Music is a wonderful way to boost comprehension skills and your vocabulary. As many students listen to music as an everyday activity, dedicating some music time to music in the language the student is learning is a fun and easy way to practice. It is also easy to have some background music on, and even without pure focus, students can become more accustom to hearing a language.
Videos or movies with subtitles
Watching videos or movies with subtitles in a topic of a student’s choosing is a sure way that the student will learn a language without feeling like they are actually studying. Say the student likes sports, comedy shows, travelling, fashion, etc. there’s surely a video or movie with subtitles for that!
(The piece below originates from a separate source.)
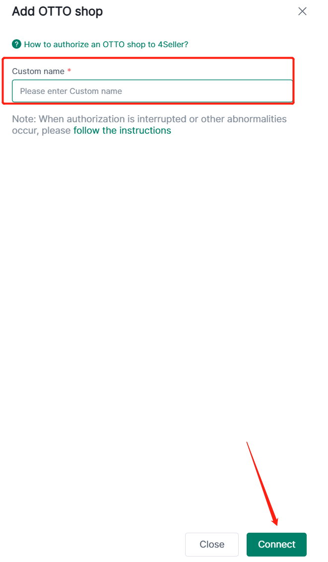 Enter to OTTO suthorize page, fill custome name, click connect.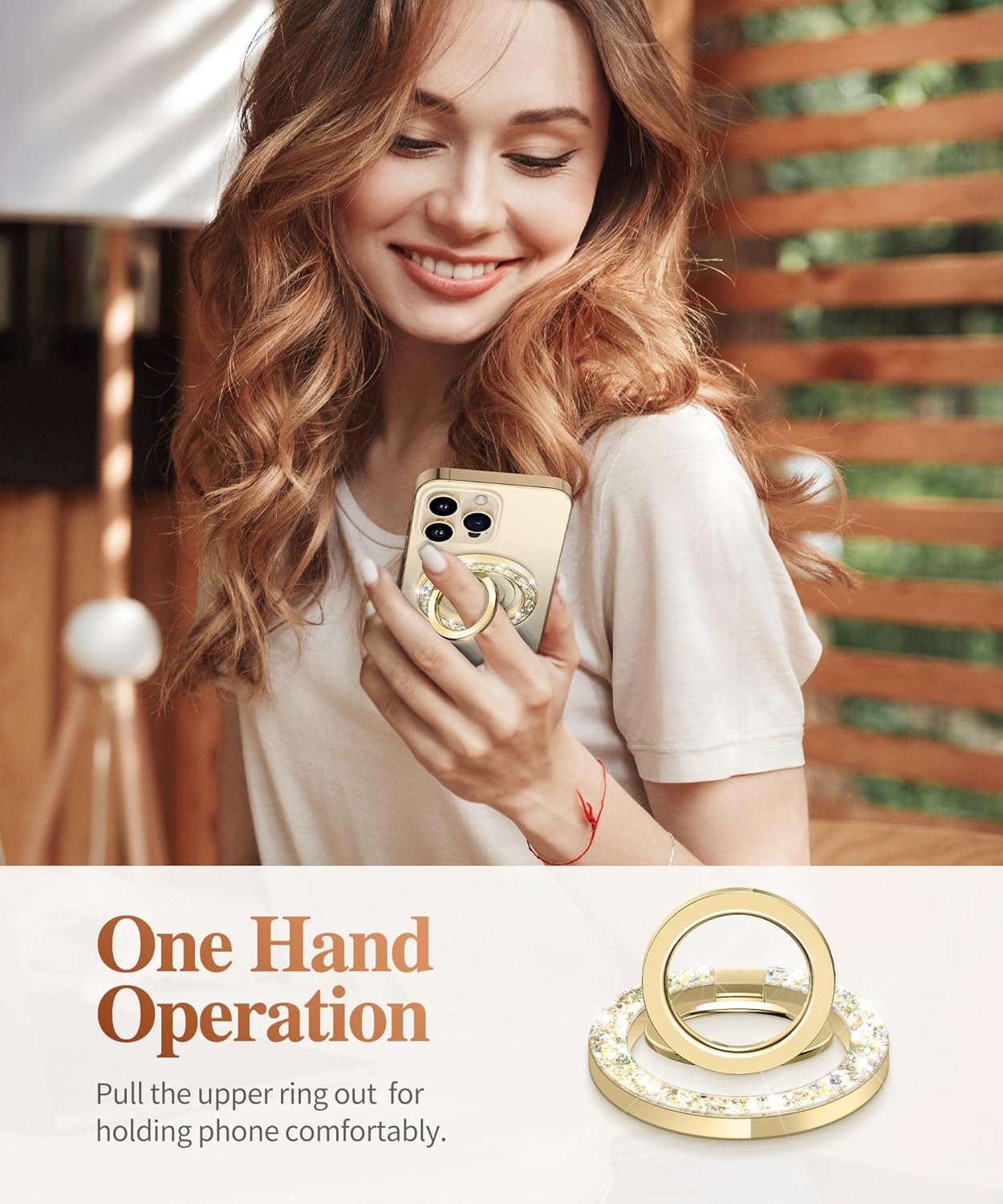 GVIEWIN Magnetic Phone Ring Holder, Compatible with MagSafe Phone Grip with Adjustable Stand, Magnet Phone Ring Kickstand for iPhone 16 Pro Max/Plus/15/14/13/12 Series/Other Phones (Glitter/Gold)

There are other ways to encouraging language learning without technology:
Whether it is in the car with the windows rolled up or in a group setting, singing is a fun way to engage with a language. Plus, if you get a song stuck in your head, wouldn’t it be better if it were in the language you are trying to learn?
With repetitive phrases and creating a fun ambiance, playing games is a wonderful way for students to have fun while they are learning a language. Students can select their favourite games and play in the language they are trying to learn. It can also be fun to learn games that are common to play in one of the countries of the secondary language. This way, if students have the opportunity to visit in the future, they will know a traditional game or two!
Role playing is a fun way for students to improve their conversational skills, and it can be done comfortably with a group of friends simply out and about. For beginners, for example, students can practice introducing themselves to one another, asking what names are, sharing how old they are, etc.
Speaking with a native speaker
Speaking with a native speaker encourages students to continue with their studies, and they will drastically improve their language skills. It is widely encouraged for students to ask questions about the language, culture, what it’s like in a country where the language is spoken, etc. so they get a true feeling of the extra beauty behind what speaking that particular language will mean.
Another great way to boost students’ enthusiasm about language learning is talking about travelling the world and the advantages that knowing the local language brings.